Президент знал эти состояния в своем друге: тот как будто впадал в транс, возбужденно говорил и плохо ориентировался в пространстве, постоянно натыкаясь на мебель и роняя вещи. Это было не совсем нормальное состояние. Но именно оно не раз уберегало их от ошибок и способствовало карьере Джона.

– Да, да, ты прав, нам нужен Генри, и еще тебе точно придется поговорить с Большой Ма. Придется! – Алекс заводился все сильнее. – Я думаю об этом уже неделю, Джон. Мне даже не приходит в голову вопрос, что делать. Меня это вообще не беспокоит. Ты не хуже меня знаешь, что все дела делаются сами собой: здравый смысл, желание – и все идет само. Здесь не про дела, Джон, здесь про что-то другое. И я пока не понимаю, про что. Что-то вращается здесь, – Алекс ударил себя в грудь, – и болит. И меня пугает то, что я не знаю, что это, Джон.

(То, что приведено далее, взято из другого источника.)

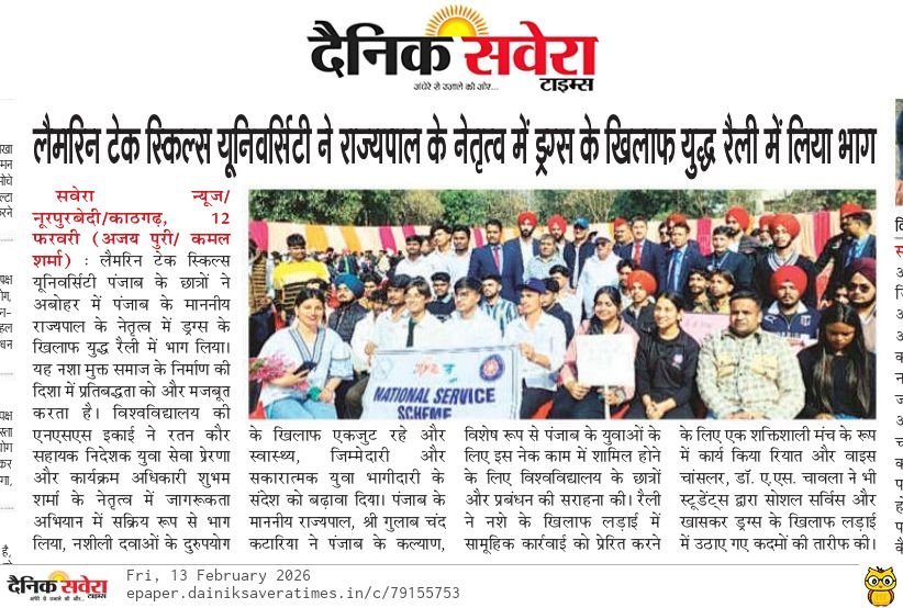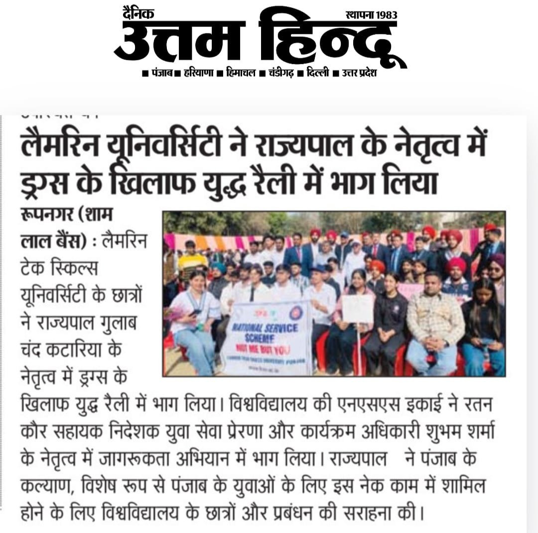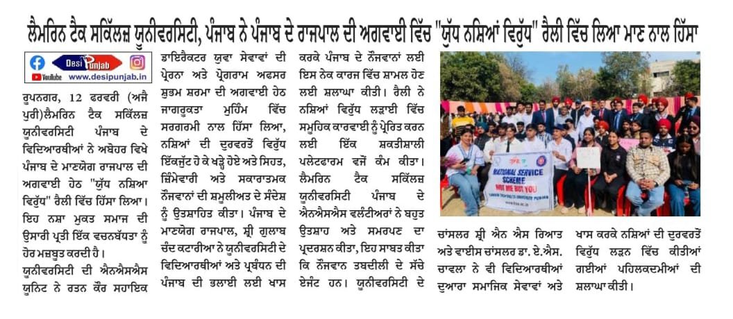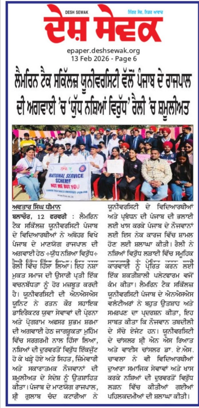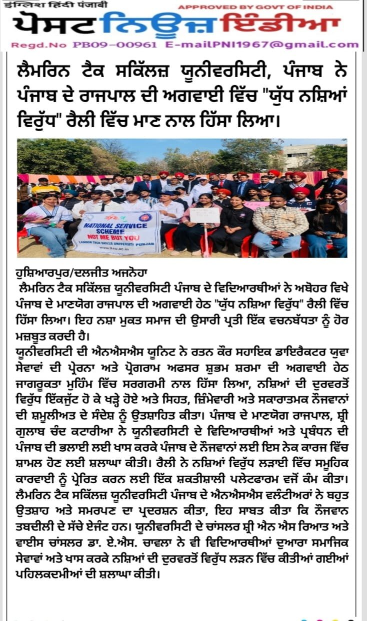 The NSS Unit of University under the guidance of Ratan Kaur Asstt. Director Youth Sevices and under the leadership of Program Officer Shubham Sharma actively joined the awareness drive, standing united against drug abuse and promoting a message of health, responsibility, and positive youth engagement. Honourable Governor of Punjab, Shri Gulab Chand Kataria, appreciated the university students and management for joining this noble cause for the welfare of Punjab especially for the youth of Punjab. Rally served as a powerful platform to inspire collective action in the fight against drugs. Lamrin Tech Skills University Punjab's NSS volunteers showcased great enthusiasm and dedication, proving that youth are the true agents of change. University Chancellor Sh. N S Rayat and Vice Chancellor Dr A.S. Chawla also appreciated the initiatives taken by the students in the social services and especially fighting against the abuse of drugs.

– Ты устал, дружище, да еще и надрался – тебе всегда немного было надо. Пойдем, поспишь пару часов, и мы продолжим.

Алекс не возражал, и Джон повел его в гостевую спальню со словами:

– Ты молодец, ты свое дело сделал. Отдохни, дружище.


***


Джон остался один. Все, что нужно было услышать для начала, он услышал – Алекс, как всегда, точно и вовремя сделал свое дело. Джон никогда не делал поспешных выводов – информация должна была сама набрать критическую массу и естественным путем перейти в действие. Нужно было соотнести все, что узнал Джон, с существующим политическим раскладом и просчитать варианты развития событий. Это Джон любил, в этом он был мастер.

Он вышел на веранду с папками, которые принес Алекс, и начал внимательно изучать их. Несколько раз он пользовался ноутбуком – искал ответы на какие-то вопросы в сети. Затем он сходил за колодой карт, разложил на столе политический пасьянс и начал размышлять.

Джон никогда не думал о деле, он всегда думал, как контролировать дело, потому что сделать дело и воспользоваться его плодами – совершенно разные вещи. После довольно продолжительного размышления он достал из колоды даму пик и добавил к общему раскладу. Это была единственная дама в раскладе – Большая Ма. Затем он взял бубнового короля, перевернул и отбросил в сторону. Это был МакКормик, вице-президент.


***


Вечером того же дня Алекс и Джон сидели на веранде.

– Ну что, маятник остановился? – спросил Джон.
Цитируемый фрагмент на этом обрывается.